Segment Open
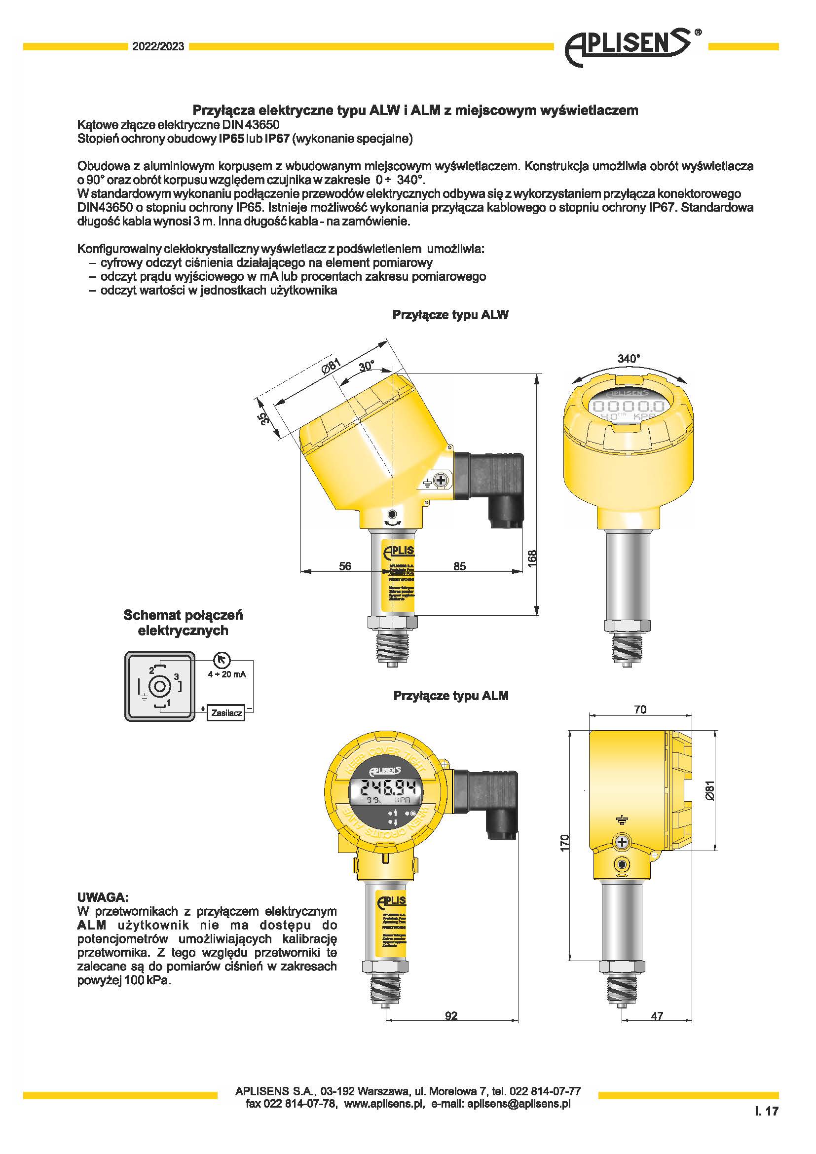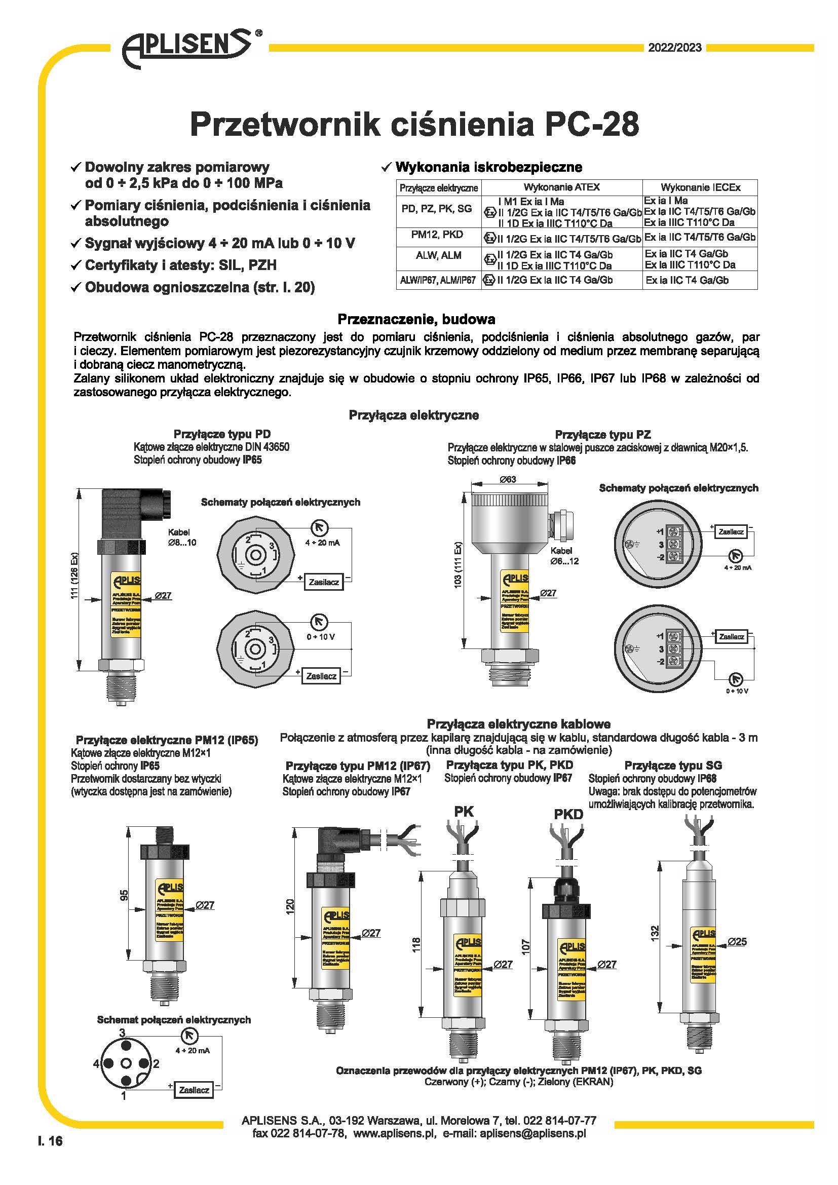 輸出信號:4 ÷ 20mA , 0 ÷ 10V ,
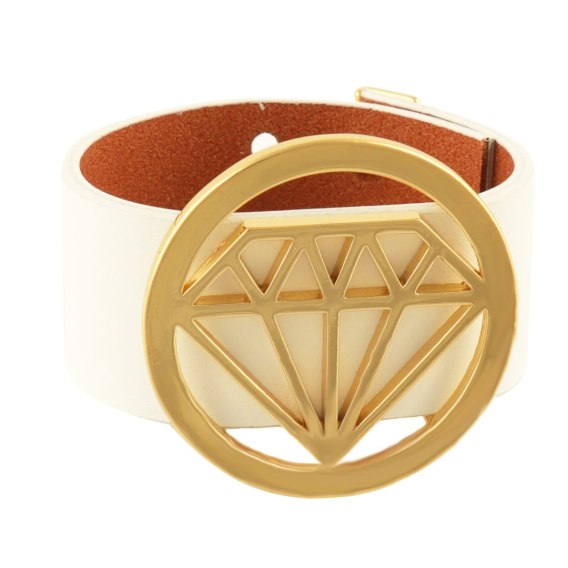 Pozłacana skórzana, biała bransoletka z diamentem. Długość bransoletki wynosi 18-19 cm/ szerokość 3,2 cm.
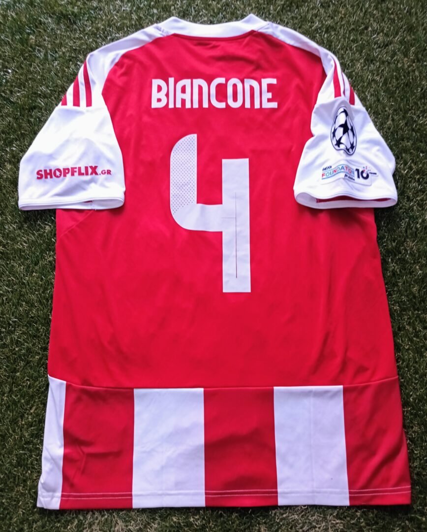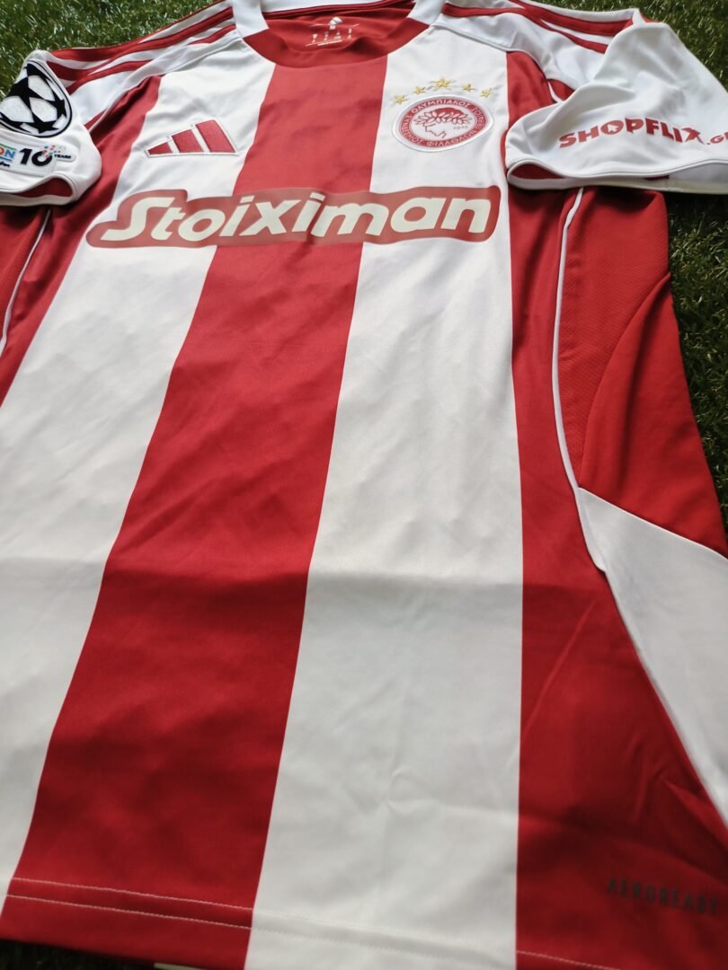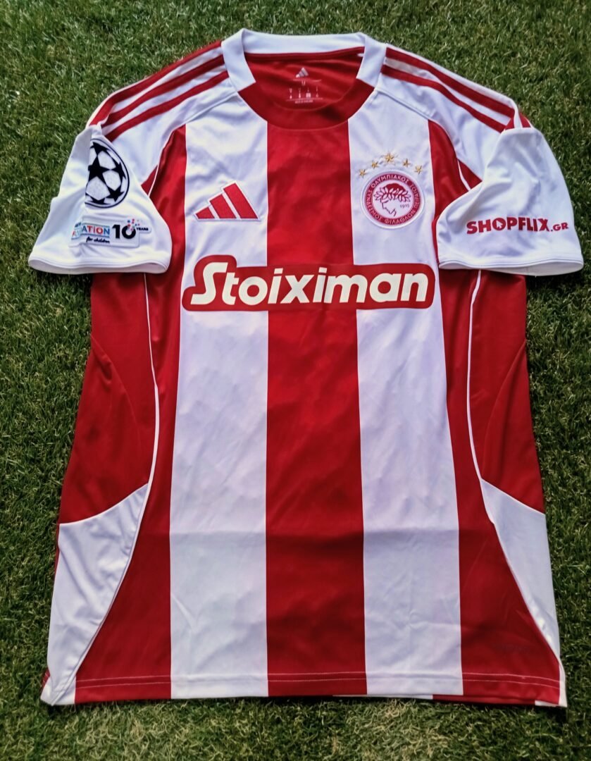 MATCH WORN SHIRT AND LITTLE DIRTY JIULIAN BIANCONE OLYMPIAKOS F.C SEASON 2025/26 CHAMPIONS LEAGUE
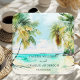 This elegant and beautiful watercolor wedding coaster features a beach, blue sky and palm trees. The text combines handwritten script and sans serif fonts for a stylish and modern look. This is perfect for a summer beach or tropical destination wedding.
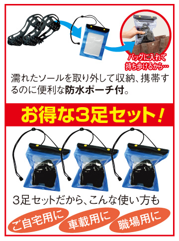 急に雪が降った日も慌てることなく、サッと靴に装着するだけでスノーシューズに変身させる便利な氷雪専用スパイクです。つま先とかかとに配した片足24個のスチール製のツメががっちり氷雪をキャッチ。ツルツルの路面でも滑って転ぶ心配がなくなり、いつもの路面のように歩けます。伸縮性のあるラバー素材なので装着もラク。三足セットなので、自宅用、職場用、さらにクルマ用と使い分けられ、いざという時もすぐに使えて安心です。防水ポーチ付きですから、バッグを濡らすことなく持ち運びもできます。普段のお出かけはもちろん、除雪作業、寒冷地への旅行など幅広く大活躍。冬本番に向けて、ぜひお備えください。
Segment Closed
» **REQUIREMENT**
With the pictures excluded, restate word for word each line from the one that contains "Pozłacana skórzana, biała" through the last line of the listing above.

» **RESULT**
 Pozłacana skórzana, biała bransoletka z diamentem. Długość bransoletki wynosi 18-19 cm/ szerokość 3,2 cm.
 MATCH WORN SHIRT AND LITTLE DIRTY JIULIAN BIANCONE OLYMPIAKOS F.C SEASON 2025/26 CHAMPIONS LEAGUE
 This elegant and beautiful watercolor wedding coaster features a beach, blue sky and palm trees. The text combines handwritten script and sans serif fonts for a stylish and modern look. This is perfect for a summer beach or tropical destination wedding.
 急に雪が降った日も慌てることなく、サッと靴に装着するだけでスノーシューズに変身させる便利な氷雪専用スパイクです。つま先とかかとに配した片足24個のスチール製のツメががっちり氷雪をキャッチ。ツルツルの路面でも滑って転ぶ心配がなくなり、いつもの路面のように歩けます。伸縮性のあるラバー素材なので装着もラク。三足セットなので、自宅用、職場用、さらにクルマ用と使い分けられ、いざという時もすぐに使えて安心です。防水ポーチ付きですから、バッグを濡らすことなく持ち運びもできます。普段のお出かけはもちろん、除雪作業、寒冷地への旅行など幅広く大活躍。冬本番に向けて、ぜひお備えください。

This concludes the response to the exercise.